Perform matrix transformation and calculate variance contribution

It can be seen that the factors 2 and 3 of the equation have not been introduced, and the factor 2 that contributes the greater variance is factor 2. The f-test value of factor 2 is calculated to be 5.026 3.28, so predict factor 2 is introduced.

f=select_factor(r,v,2,2)print(f)
########## Output#########
5.025864648951804

Continue matrix transformation and calculate variance contribution

In this step, we need to consider the elimination factor. It can be known that there is variance contribution. Among the factors that have been introduced into the equation, the smallest variance contribution is factor 4. The imported f-test value of factor 3 is calculated as 0.0183.
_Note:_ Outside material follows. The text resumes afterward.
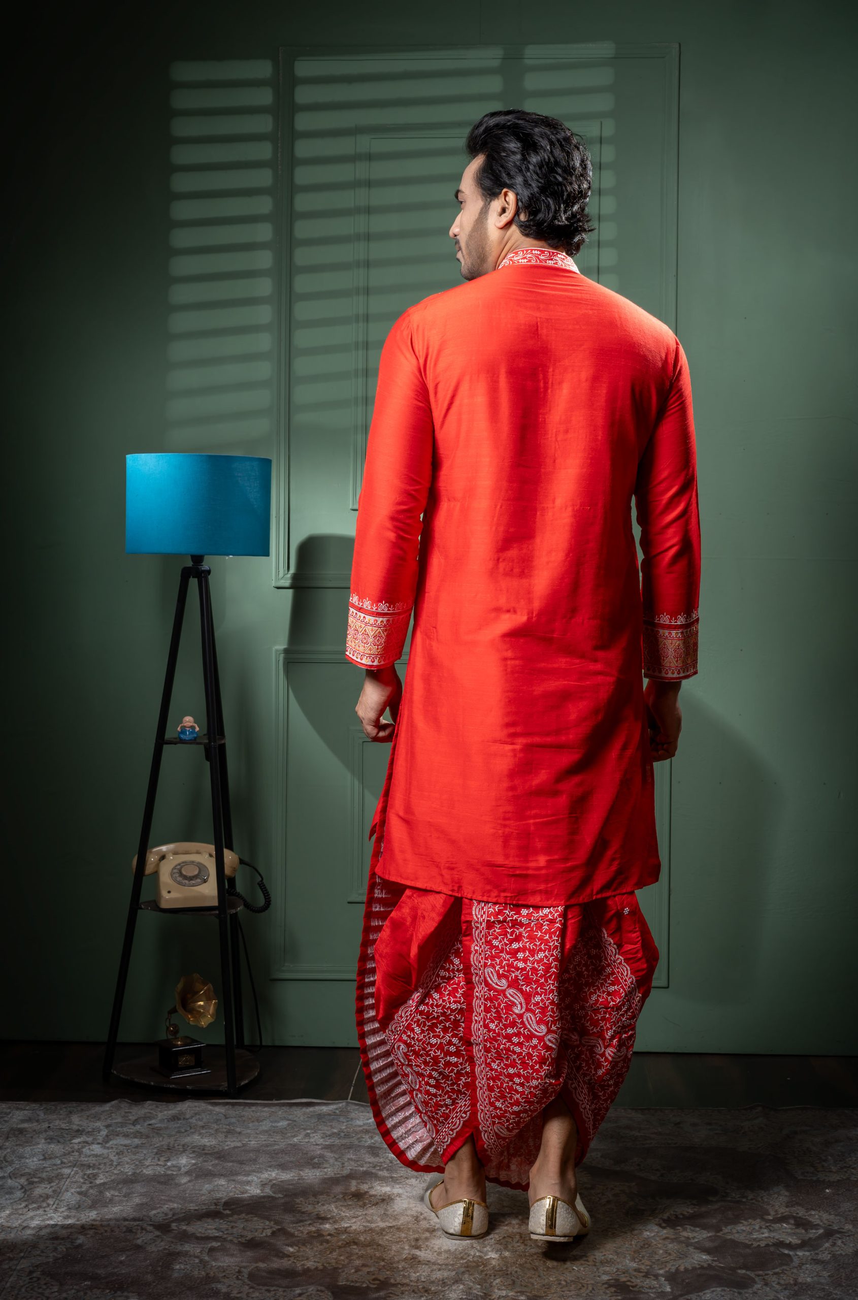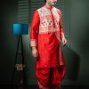 Embrace timeless elegance with this striking red kurta and dhoti combo with an equally stunning white embroidery. The graceful combination of the red kurta and the intricate white designs across the ensemble reveals a luxurious look. The richness of the garment and the traditional Indian craftsmanship give it a refined simplicity.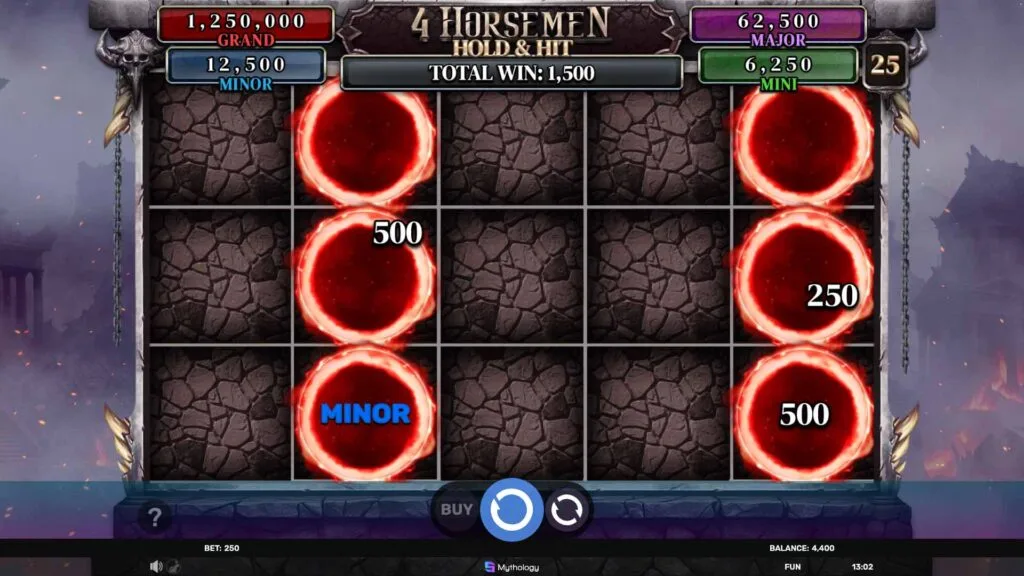 4 Horsemen by Spinomenal merges a dark, evocative theme with high volatility and robust features, crafting a slot that stands out for its intensity. The potential x1500 maximum win, paired with mechanics like Hold & Hit and Free Spins, offers a compelling draw for players seeking substantial rewards. Its broad betting range and device compatibility further widen its appeal, catering to varied preferences and play styles. The game’s design, rooted in chaos and power, ensures each spin carries a sense of stakes and possibility, making it a strong contender in the slot lineup.

The f test value of factor 4 is 1.863, which is less than 3.28 (check the F distribution table). Factor 3 cannot be introduced, and factor 4 needs to be eliminated. At this time, the number of factors introduced in the equation is 2

# Choose whether to exclude factors,
# Parameter description: r is the augmented matrix, v is the variance contribution value, k is the subscript of the factor with the largest variance contribution value,t is the number of factors currently entering the equation
def delete_factor(r,v,k,t):
 row = data.shape[0] #Sample size
 col = data.shape[1]-1 #Number of predictors
 # Calculate variance ratio
 f =(row - t -1)* v[0, k -1]/ r[col, col]
 # print(calc_vari_contri(r))return f
# Factor 3 import test value 0.018233473487350636
f=select_factor(r,v,3,3)print(f)
# Factor 4 elimination test value 1.863262422188088
f=delete_factor(r,v,4,3)print(f)

Transform the matrix here and calculate the variance contribution

, The introduced factors (factors 1 and 2) have the smallest contribution to the variance of factor 1, and the largest contribution to the introduction of factor variance is factor 4. Calculate the imported f-test value and eliminate the f-test value of the two

# Factor 4 imported test value 1.8632624221880876, less than 3.28 Cannot be introduced
f=select_factor(r,v,4,2)print(f)
# Factor 1 rejection test value 146.52265486251397,Greater than 3.28 can not be removed
f=delete_factor(r,v,1,2)print(f)

Variables cannot be eliminated or introduced, and the calculation of stepwise regression is stopped at this time. The factors introduced into the equation are predictor 1 and predictor 2, with the help of the multiple regression written in the previous blog. Multivariate regression is performed on the predictor and forecast object entered into the equation. Output the prediction results of multiple regression, once as a constant term, the prediction coefficient of the first factor, and the prediction coefficient of the second factor.

# Factor 1 and Factor 2 enter the equation
# Perform multiple regression on the predictors entered into the equation
# regs=LinearRegression()
X=data[:,0:2]
Y=data[:,4]
X=np.mat(np.c_[np.ones(X.shape[0]),X])#Add constant coefficients to the coefficient matrix
Y=np.mat(Y)#Convert array to matrix
# print(X)
B=np.linalg.inv(X.T*X)*(X.T)*(Y.T)print(B.T)#Output coefficient,The first term is a constant term, the others are regression coefficients
### Output##
#[[52.577348881.468305740.66225049]]

The above article using python to achieve gradual regression is all the content shared by the editor, I hope to give you a reference.